▶ Exercise: Reproduce only the lines below from the line containing "單作用中空式油缸-SHS系列" to the line containing "Edukacyjna kostka sensoryczna", exactly as written, with both end lines kept. Omit the pictures.

▶ Data for processing:

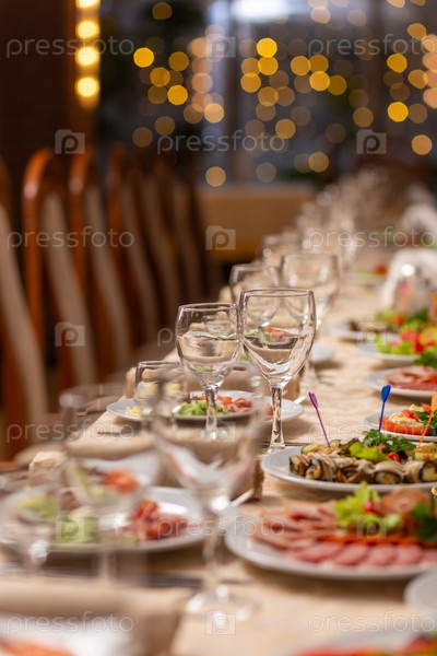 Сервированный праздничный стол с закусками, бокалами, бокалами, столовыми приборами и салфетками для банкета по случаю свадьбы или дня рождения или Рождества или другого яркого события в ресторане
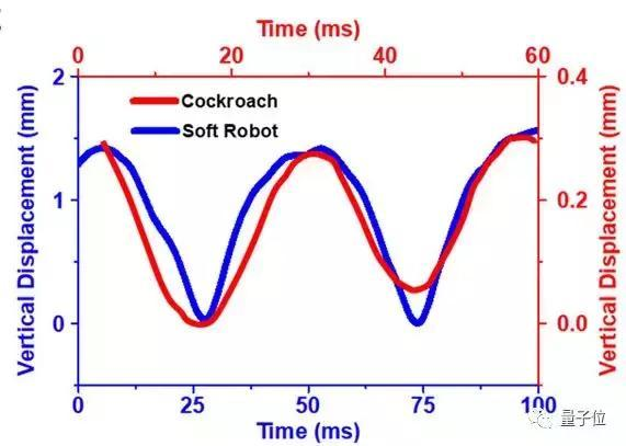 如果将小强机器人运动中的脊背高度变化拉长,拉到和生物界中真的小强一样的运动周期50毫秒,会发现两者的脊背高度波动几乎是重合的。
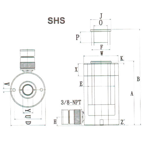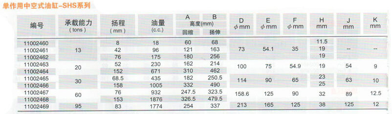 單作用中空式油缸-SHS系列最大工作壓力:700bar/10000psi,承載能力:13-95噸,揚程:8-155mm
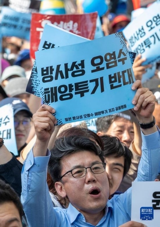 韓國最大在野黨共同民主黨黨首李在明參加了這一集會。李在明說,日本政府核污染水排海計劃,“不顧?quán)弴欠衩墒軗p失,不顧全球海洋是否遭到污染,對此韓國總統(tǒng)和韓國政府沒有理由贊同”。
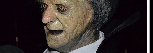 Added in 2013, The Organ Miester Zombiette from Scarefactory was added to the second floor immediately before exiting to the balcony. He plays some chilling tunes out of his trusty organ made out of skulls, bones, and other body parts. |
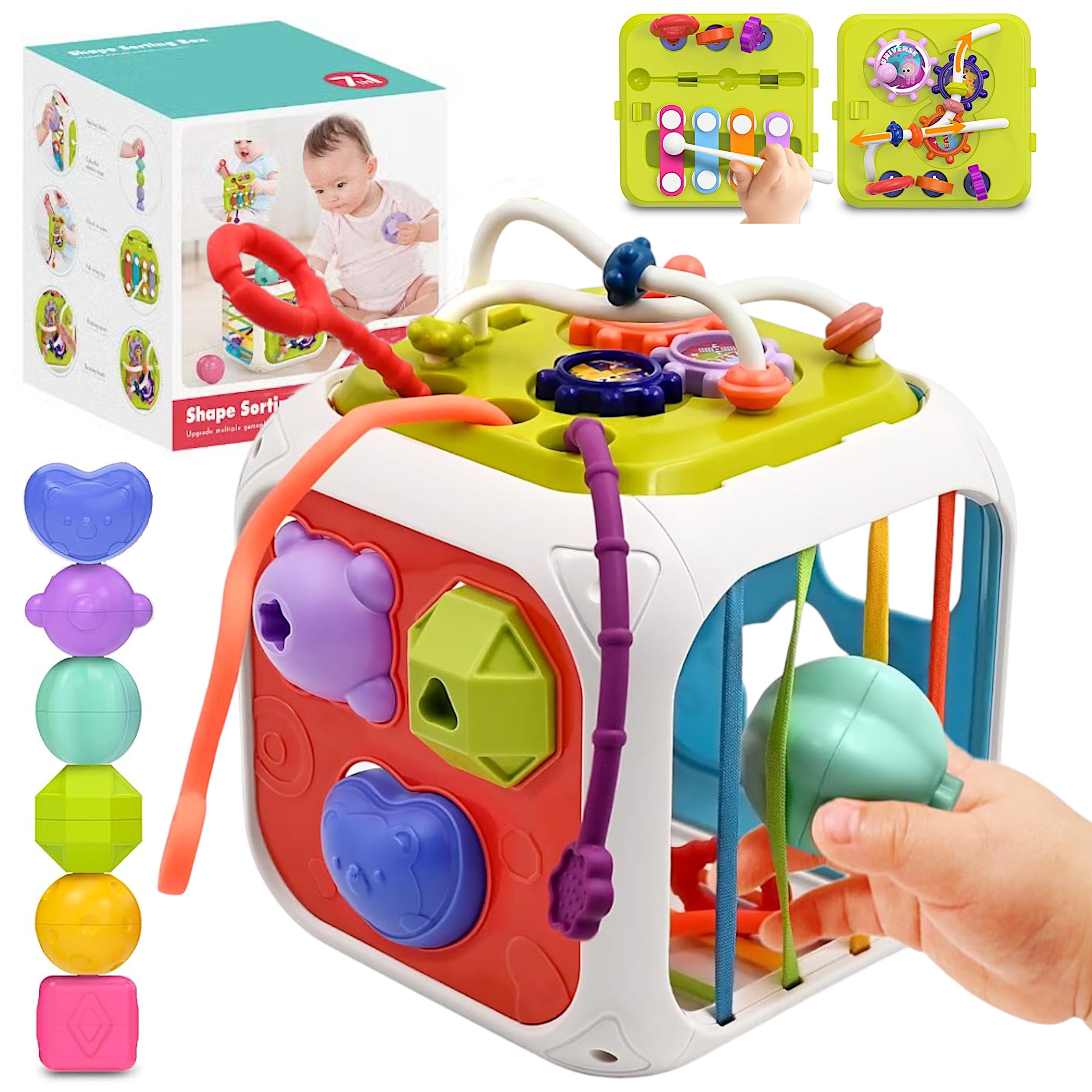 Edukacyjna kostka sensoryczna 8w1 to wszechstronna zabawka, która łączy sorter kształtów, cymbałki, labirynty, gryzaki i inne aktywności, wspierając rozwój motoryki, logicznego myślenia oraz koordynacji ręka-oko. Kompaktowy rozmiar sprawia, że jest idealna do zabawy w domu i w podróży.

--

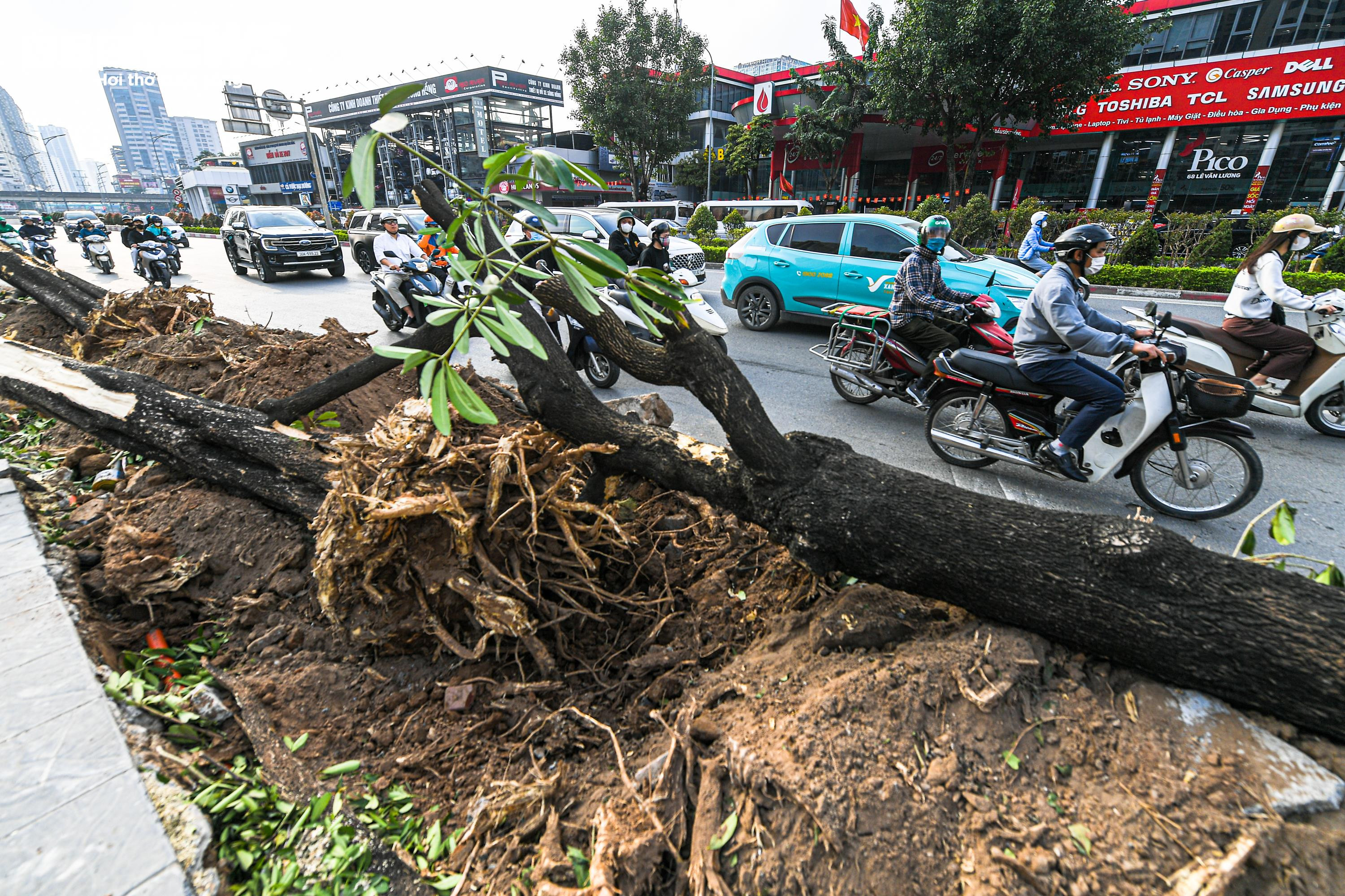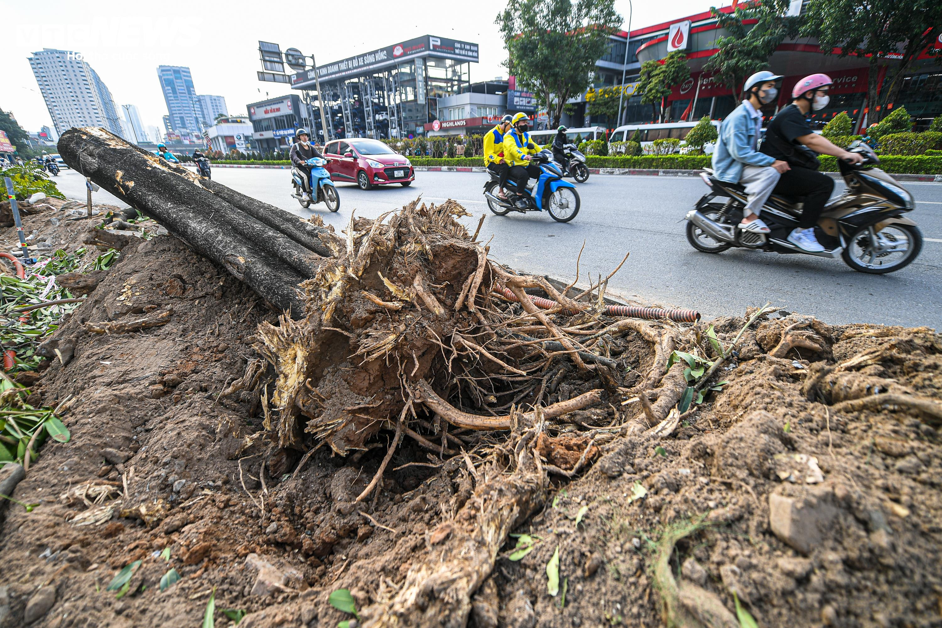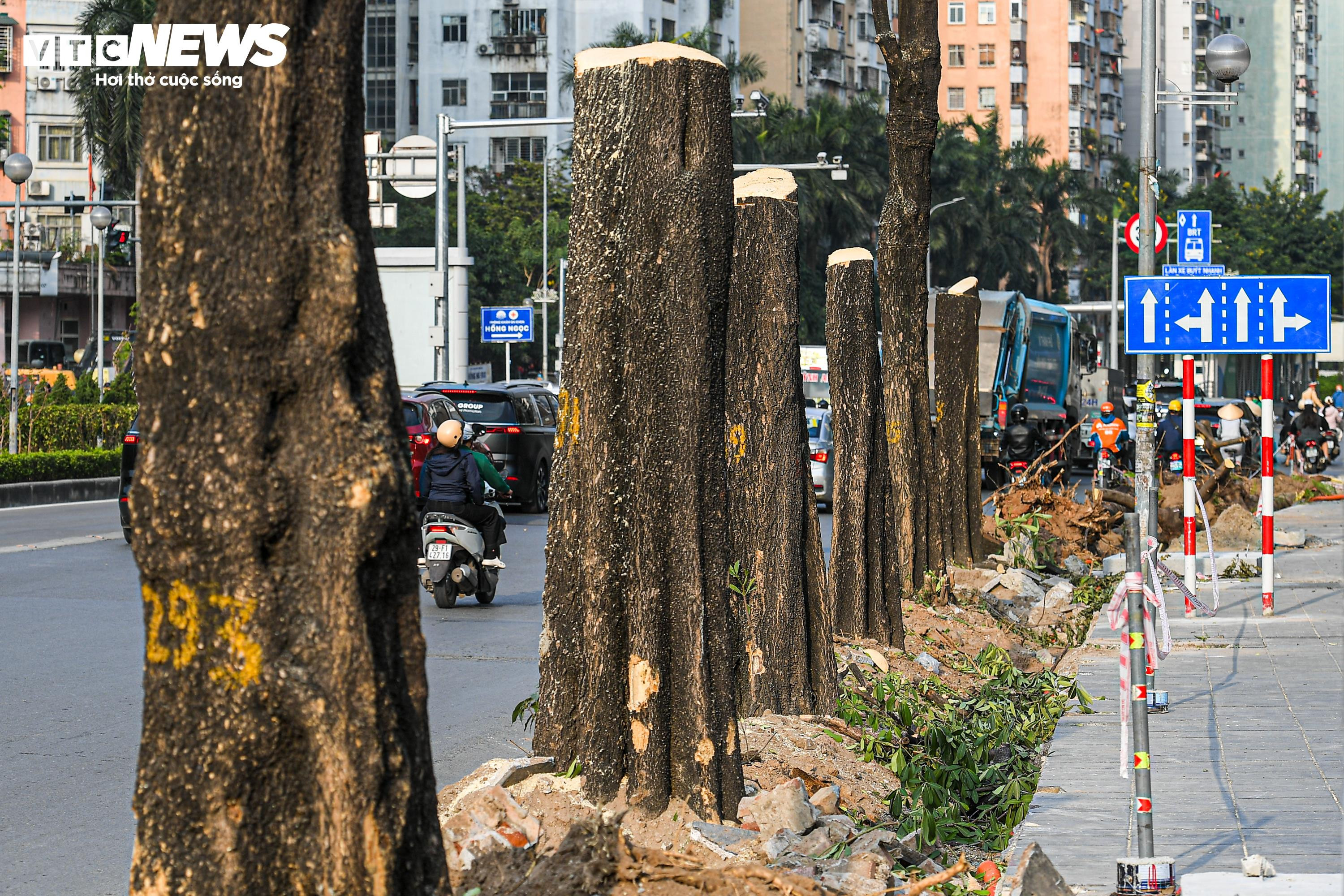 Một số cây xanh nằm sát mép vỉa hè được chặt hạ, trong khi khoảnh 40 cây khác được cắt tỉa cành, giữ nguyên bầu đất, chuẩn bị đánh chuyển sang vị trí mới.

▶ Exercise result:
 單作用中空式油缸-SHS系列最大工作壓力:700bar/10000psi,承載能力:13-95噸,揚程:8-155mm
 韓國最大在野黨共同民主黨黨首李在明參加了這一集會。李在明說,日本政府核污染水排海計劃,“不顧?quán)弴欠衩墒軗p失,不顧全球海洋是否遭到污染,對此韓國總統(tǒng)和韓國政府沒有理由贊同”。
 Added in 2013, The Organ Miester Zombiette from Scarefactory was added to the second floor immediately before exiting to the balcony. He plays some chilling tunes out of his trusty organ made out of skulls, bones, and other body parts. |
 Edukacyjna kostka sensoryczna 8w1 to wszechstronna zabawka, która łączy sorter kształtów, cymbałki, labirynty, gryzaki i inne aktywności, wspierając rozwój motoryki, logicznego myślenia oraz koordynacji ręka-oko. Kompaktowy rozmiar sprawia, że jest idealna do zabawy w domu i w podróży.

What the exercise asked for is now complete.